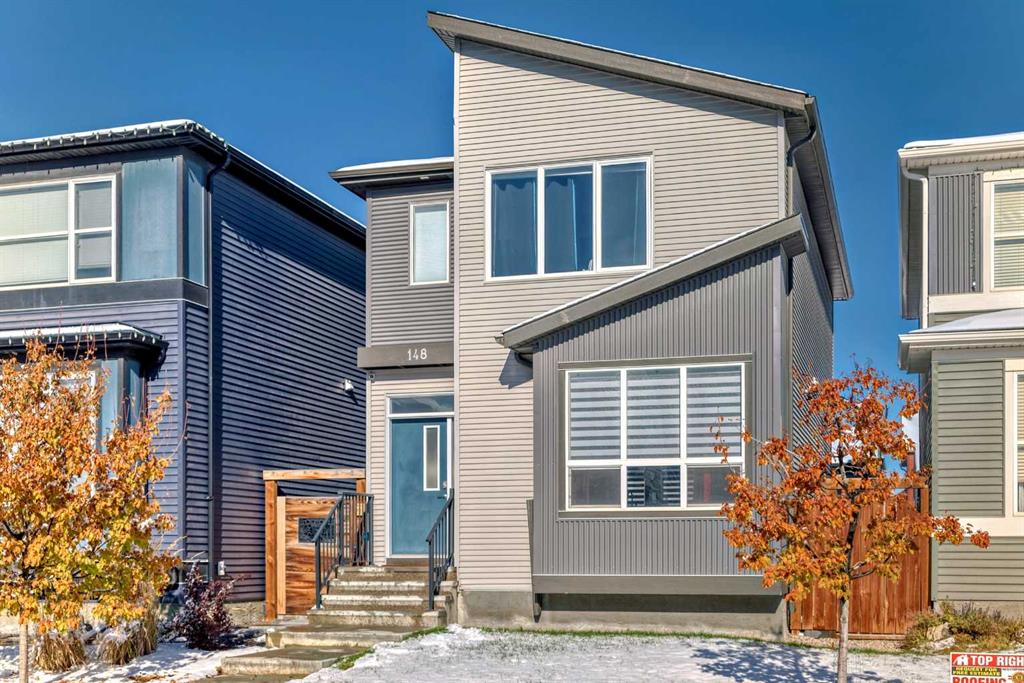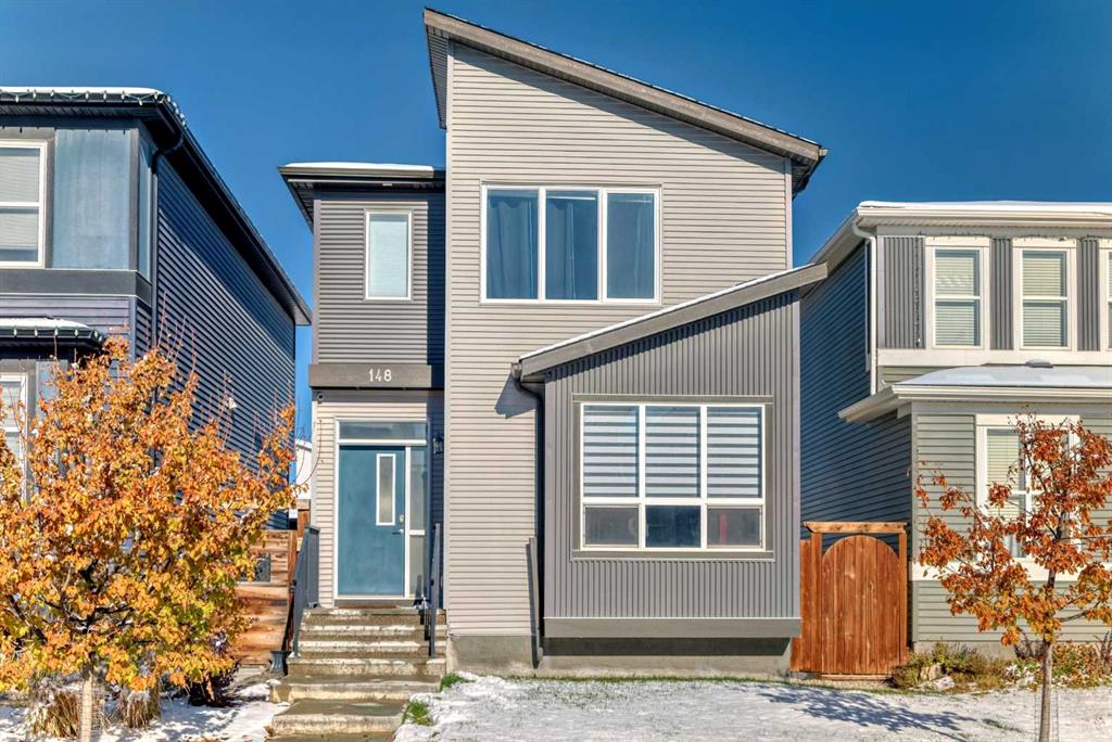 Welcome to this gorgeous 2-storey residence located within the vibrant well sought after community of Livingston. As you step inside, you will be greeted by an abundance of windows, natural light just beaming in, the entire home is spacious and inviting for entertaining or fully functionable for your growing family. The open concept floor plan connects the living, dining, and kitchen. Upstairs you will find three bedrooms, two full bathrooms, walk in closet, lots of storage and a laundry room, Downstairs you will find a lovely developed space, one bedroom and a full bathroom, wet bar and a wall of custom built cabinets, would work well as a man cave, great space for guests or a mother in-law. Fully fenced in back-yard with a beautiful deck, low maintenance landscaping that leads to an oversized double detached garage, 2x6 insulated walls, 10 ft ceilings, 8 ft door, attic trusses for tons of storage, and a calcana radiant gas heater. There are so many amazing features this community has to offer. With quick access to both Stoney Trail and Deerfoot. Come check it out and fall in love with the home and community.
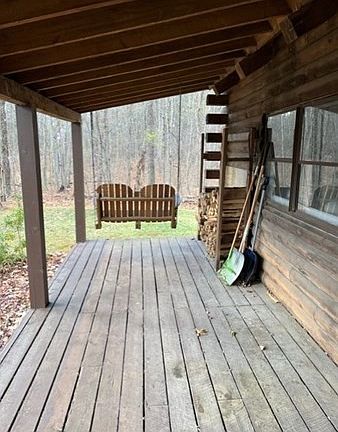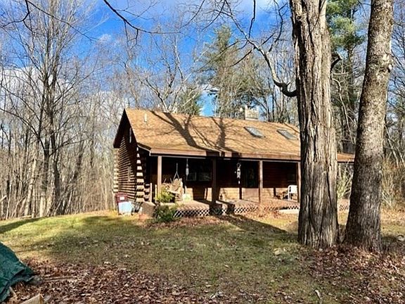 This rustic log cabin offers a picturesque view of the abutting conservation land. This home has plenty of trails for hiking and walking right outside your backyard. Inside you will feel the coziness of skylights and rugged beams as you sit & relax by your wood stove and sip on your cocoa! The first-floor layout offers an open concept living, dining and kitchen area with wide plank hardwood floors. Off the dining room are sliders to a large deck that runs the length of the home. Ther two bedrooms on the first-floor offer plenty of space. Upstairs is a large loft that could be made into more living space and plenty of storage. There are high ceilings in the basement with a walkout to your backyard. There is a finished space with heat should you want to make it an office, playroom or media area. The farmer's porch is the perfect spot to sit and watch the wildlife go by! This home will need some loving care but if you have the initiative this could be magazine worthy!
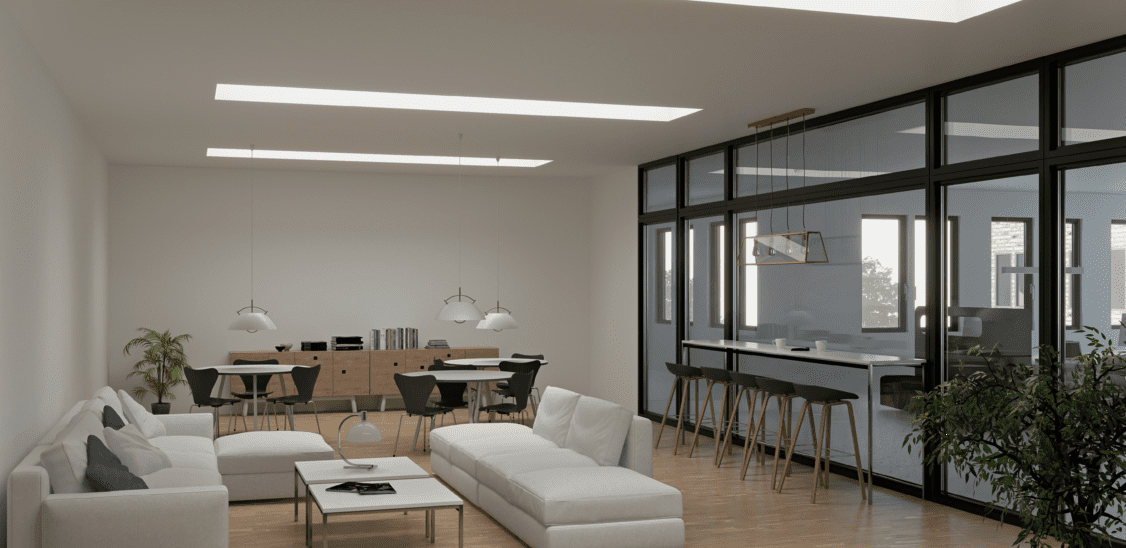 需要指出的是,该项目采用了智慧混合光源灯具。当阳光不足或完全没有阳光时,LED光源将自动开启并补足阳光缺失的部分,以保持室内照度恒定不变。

^^^^^^^^^^^^^^^^

TASK REQUIREMENTS –
Output all data exactly, omitting images.

SOLVED EXERCISE –
 Welcome to this gorgeous 2-storey residence located within the vibrant well sought after community of Livingston. As you step inside, you will be greeted by an abundance of windows, natural light just beaming in, the entire home is spacious and inviting for entertaining or fully functionable for your growing family. The open concept floor plan connects the living, dining, and kitchen. Upstairs you will find three bedrooms, two full bathrooms, walk in closet, lots of storage and a laundry room, Downstairs you will find a lovely developed space, one bedroom and a full bathroom, wet bar and a wall of custom built cabinets, would work well as a man cave, great space for guests or a mother in-law. Fully fenced in back-yard with a beautiful deck, low maintenance landscaping that leads to an oversized double detached garage, 2x6 insulated walls, 10 ft ceilings, 8 ft door, attic trusses for tons of storage, and a calcana radiant gas heater. There are so many amazing features this community has to offer. With quick access to both Stoney Trail and Deerfoot. Come check it out and fall in love with the home and community.
 This rustic log cabin offers a picturesque view of the abutting conservation land. This home has plenty of trails for hiking and walking right outside your backyard. Inside you will feel the coziness of skylights and rugged beams as you sit & relax by your wood stove and sip on your cocoa! The first-floor layout offers an open concept living, dining and kitchen area with wide plank hardwood floors. Off the dining room are sliders to a large deck that runs the length of the home. Ther two bedrooms on the first-floor offer plenty of space. Upstairs is a large loft that could be made into more living space and plenty of storage. There are high ceilings in the basement with a walkout to your backyard. There is a finished space with heat should you want to make it an office, playroom or media area. The farmer's porch is the perfect spot to sit and watch the wildlife go by! This home will need some loving care but if you have the initiative this could be magazine worthy!
 需要指出的是,该项目采用了智慧混合光源灯具。当阳光不足或完全没有阳光时,LED光源将自动开启并补足阳光缺失的部分,以保持室内照度恒定不变。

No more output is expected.